Intuition behind the paradox of instantaneous heat propagation On this MIT lecture, the difference between the heat equation and the wave equation includes signal travelling infinitely fast in the heat equation, while it has finite speed in the wave equation:

I guess I don't get the idea of "signal" because in the heat equation there is a partial derivative with respect to time of the function that assigns a temperature to each point in space at each time, and this partial derivative with respect to time, which is not infinite, would seem to be the speed.
So what is it exactly that travels infinitely fast. After a Google search it seems as though this is the "paradox of instantaneous heat propagation" and it gets into other equations, and even has a relativistic counterpart. In other words, I couldn't find any entry-level explanations.
 A: Say you have a one dimensional heat problem.  (Adding dimensions does not change the results, but does make drawings harder.)  Initially, the line is at temperature $0$.  At time $t = 0$, you drop some heat on the origin, say $f(x,0) = \delta(x)$ and then let the dynamics run.  (Here, $\delta$ is the Dirac delta function.  This is a distribution.  It can be defined as the limit of a Gaussian distribution as the standard deviation decreases to zero -- the distribution is zero everywhere except at $x=0$ and the integral of the distribution over all of space is $1$.)
For all time afterwards, the distribution of heat is a Gaussian distribution with positive (and increasing) standard deviation.  This distribution is nonzero everywhere.  This means that immediately after time zero, the heat at every point in the universe jumps to a positive amount.  That is, the information that heat was added at the origin is instantaneously transmitted to every point in the universe.
A: First the wave-equation: let's start with a small narrow pulse located close to $x=0$ ($u$ nonzero close to $x=0$ and zero elsewhere) and then let it go at $t=0$. Now let's see how long time does it take before any point $x_*$ sees the effect of this pulse. The solution $u(x,t) = f(x-vt) + f(x+vt)$ shows that it takes a time $t_* = \frac{x_*}{v}$ ($v$ being the wave speed) before the pulse has managed to travel all the way to the point $x_*$. If you are located at $x=x_*$ and observing the displacement $u(x_*,t)$ then before $t = t_*$  you would be completely unaware that we have a wave coming.

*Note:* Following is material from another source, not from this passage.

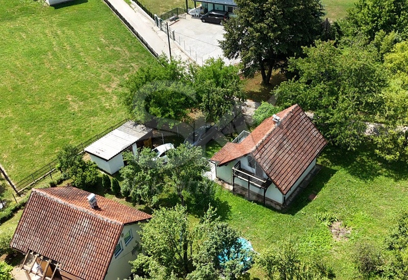 Lokacija: Vikendica se nalazi na prostranom zemljištu u prirodnom okruženju, s bujnim vrtom i panoramskim pogledom na okolna brda. Lokacija nudi mir i privatnost, idealna za ljubitelje prirode i aktivnosti na otvorenom.

Secondly the heat equation: let $u$ denote the temperature and assume you have an initial smooth temperature distribution $u=0$ across space. We then add some heat close to $x=0$ at $t=0$ (we can represent this by $u(x,0) = \delta(x)$) and ask how long time does it take at a point $x_*$ before the addition of this temperature is felt. The solution is simple to compute: $u(x,t) = \frac{1}{\sqrt{4\pi t}}e^{-\frac{x^2}{4t}}$ and shows that even after the smallest fraction of a second the solution will have changed all across space. If you are observing the temperature at the point $x_*$ you will instantly know that heat has been added to the system no matter how far away you are.
A: One option is to recognize that the heat equation (or Fourier's law of heat conduction) is an approximation of a dissipative wave phenomenon. Consider the hyperbolic heat equation
$$
\epsilon\theta_{tt}+\theta_t = \theta_{xx}
$$
where $\epsilon \geq 0$ is a small parameter. For $\epsilon=0$ we get the (parabolic) heat equation, $\theta_t = \theta_{xx}$; otherwise, for $\epsilon>0$ we get the telegraph equation, a.k.a. the damped wave equation. Note that the absolute speed of sound equals ${\epsilon}^{-1/2}$, which becomes infinite as $\epsilon\to 0$.